Summer 2015 Rads

I had my sims today, the tech asked me if my eyes were watering. Lol she told me that happens all the time. Did make me feel better. It is the first time I shed tears about having BC.

Then proceeded to runaround town doing errands. It wasn't till I got home that I realized I had sharpie all over me.

I don't really know the answer to that but I can tell you no one has told me what type of radiation I'm having either so when I met with the rad onc before my first treatment I asked him if I was having "whole breast" radiation since that was the term I kept seeing on these boards. He just looked at me like I was an idiot and said "you don't have breasts. So you're getting chest wall radiation." Oh. Right. No breasts, I guess I forgot for a minute! He did go on to explain that they are targeting the chest wall and lymph nodes higher up that weren't included in the dissection. Sorry my answer isn't very helpful, I'm sure someone on here has more info but thought I'd share my funny or not so funny interaction.

Hello Sweet Hope:

I wish you the best as you start your radiation. I finished chemo in October '14 and radiation in December '14. A piece of advice for you and all my BC sisters undergoing radiation. Please speak up when/if you become burned or are in pain. I was given samples of Aquaphor to use after each radiation treatment and told that this was the only thing I could use on my skin. About half way through the treatments. I found the burns and pain unbearable and called my doctor and insisted I was given something other than Aquaphor. They finally wrote me a Rx for RadiaPlex gel. It worked like a charm. Very aggravated that this wasn't given to me earlier, as I am sure it could have prevented much of the pain endured. I encourage everyone to speak up. Blessings to you Sweet Hope.

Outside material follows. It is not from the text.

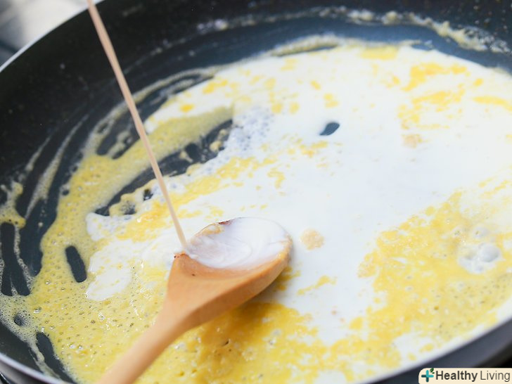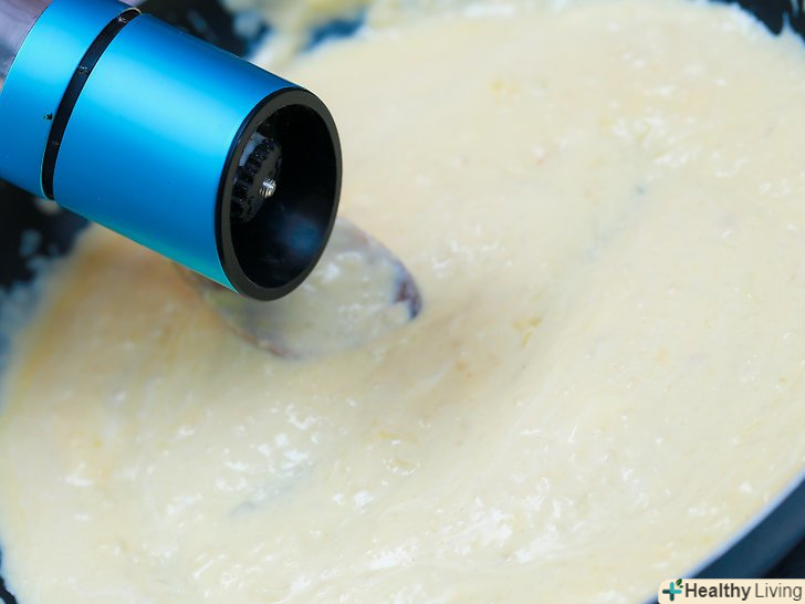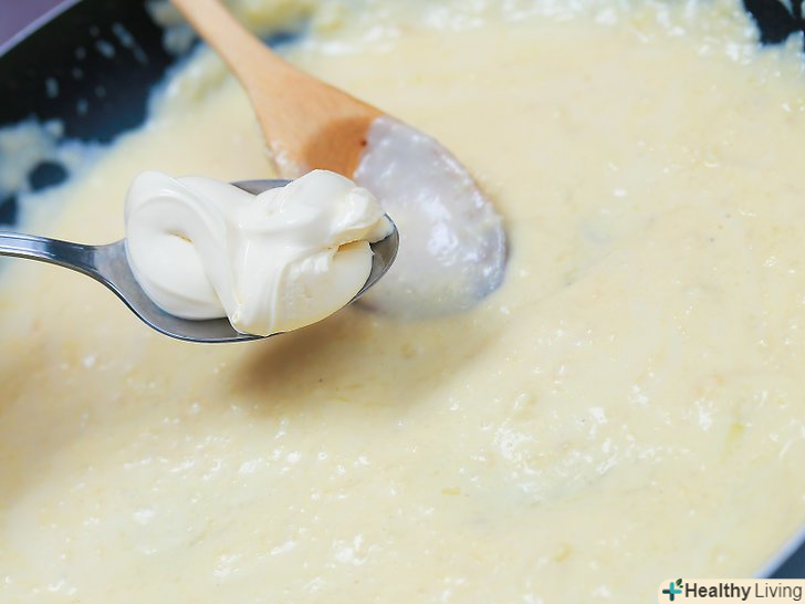 Додайте в соус 3 столові ложки (45 мл) жирних вершків по 1 столовій ложці (15 мл) за раз.після додавання кожної ложки ретельно перемішуйте.

I had my "sim" already... but I might not actually start rads until 3 weeks after. It's partially me asking for some time because I have some friends coming into town for a week and would like to see them before I start. The radiation people (nurses scheduling and the doc) didn't seem to think it would be bad... but I haven't got a start date pinned down yet, so who knows? They may move it up a bit by maybe 4 days...

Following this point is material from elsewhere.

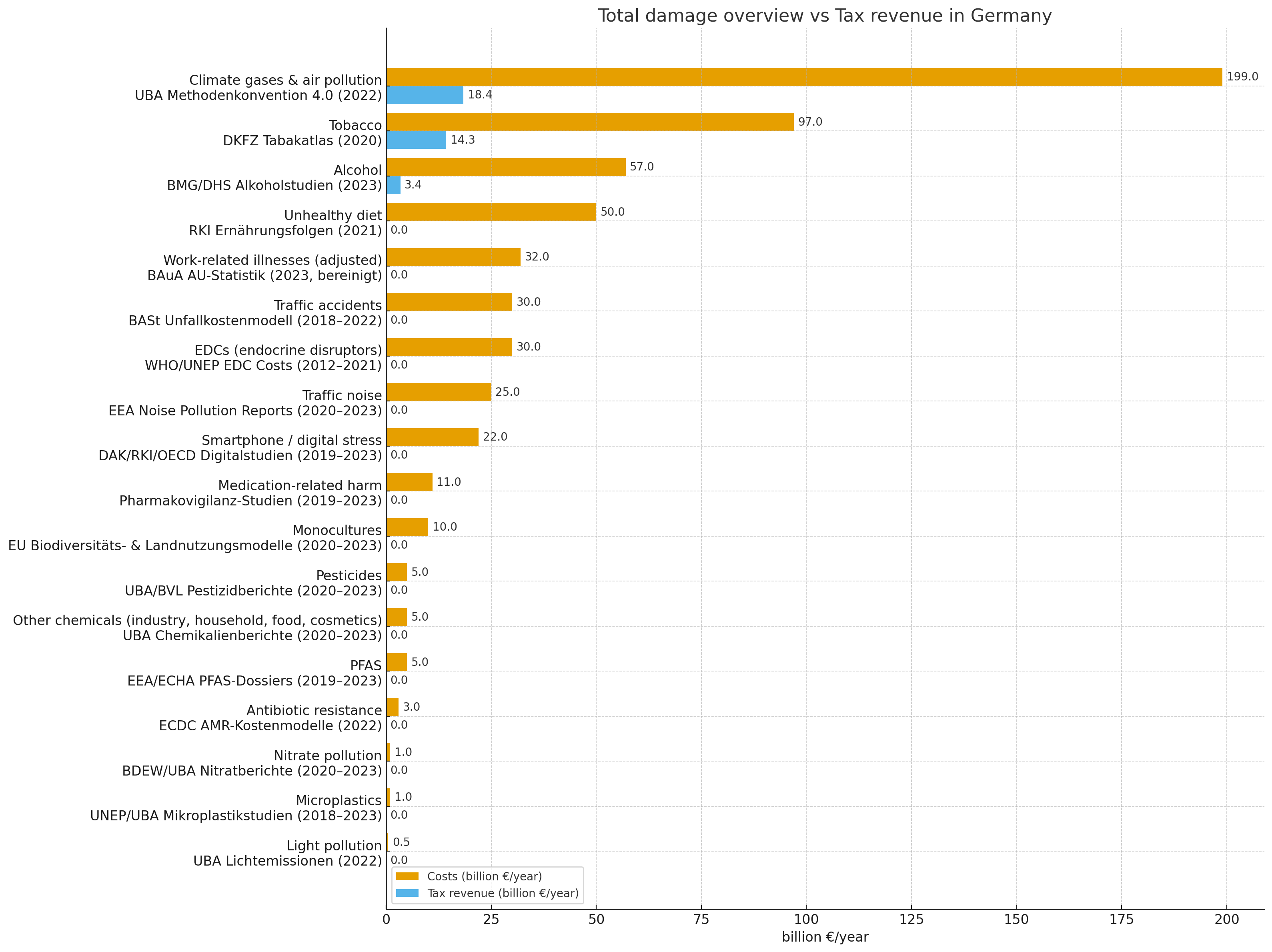 For a more realistic representation, it should be taken into account that in Germany there are no earmarked taxes. The societal costs are certainly well illustrated here, but they are offset by revenues from the respective industries.

I wish I'd got the sim a bit closer to the time, since it's a bother wearing all these stupid stickers!!! Mostly the one right in the middle below my neck! (I guess I'm wearing scarves for the next long while!)

I might have been upset at the marks and tattoos if this had happened earlier... but by now I've got surgery incisions and no hair and am worried about my nails falling off and am still trying to recover from weakness in my legs from neuropathy and a constantly upset stomach and intestines... so the whole idea of tattoos is kind of no big deal any longer. Mind you... I never ever considered tattooing my body and don't even have pierced ears--or anything else! Never had any surgery before all this... never had any stitches at all! So it IS like I've been dropped into some crazy alternate reality... but I guess I'm too shell-shocked by everything else to really worry about stuff now...!

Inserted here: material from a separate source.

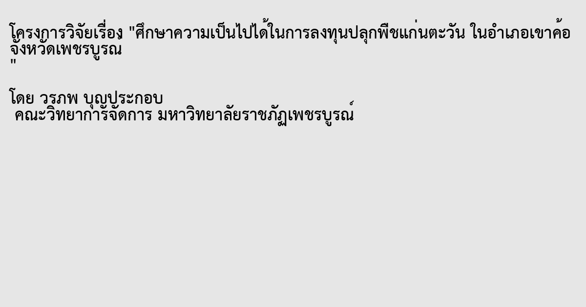 ศึกษาความเป็นไปได้ในการลงทุนปลุกพืชแก่นตะวัน ในอำเภอเขาค้อ จังหวัดเพชรบูรณ์

If you are through with chemo and have not lost your nails yet, have hope. You may not lose them. Mine were looking rough right after chemo, and a couple even separated about halfway down. But I just cut them short so they wouldn't catch and they are doing fine now and recovering.

I'm not sure if it has made a difference, but I have been taking a B complex vitamin with Biotin in it, and my hair is coming back fast, and I think it helps nails too. However, some may not be as comfortable with super short hair as I am. Rock the bald head or really short hair if you can. I'm loving it

After today I have 15 more rads. Hope the next 3 weeks go as fast as the first 2.

Good luck everyone!

Sweethope, my RO and my local support group friends all recommend Miaderm. It has some of the same ingredients as the radiaplex and adds calendula. All of the ingredients have been shown to be effective in Phase III prospective clinical trials. I found it at one of the local pharmacies too which was great! I've been using it 2-3x/day but so far haven't had any skin problems since I'm only one week in to treatment! It smells good and isn't greasy.

Valentine99 I am curious about your nails. Mine also lifted up from the bed about halfway down. They seem to be growing out. Underneath the nails is a buildup of what looks like dead skin. Also some of the nails are more curved from side to side whereas they used to be flatter. Did this happen to yours too? Are your nails returning to "normal"? I think mine are but I'm always curious to hear from others.

I had treatment 19 of 30 today. Starting to have more visible skin redness. RO told me today that it is normal at this point in treatment and actually didn't look too bad. I am using Miaderm twice a day and pure aloe vera gel 1-2 times in between. I've also dusted with cornstartch . No pain yet but feeling a slight burning in my underarm .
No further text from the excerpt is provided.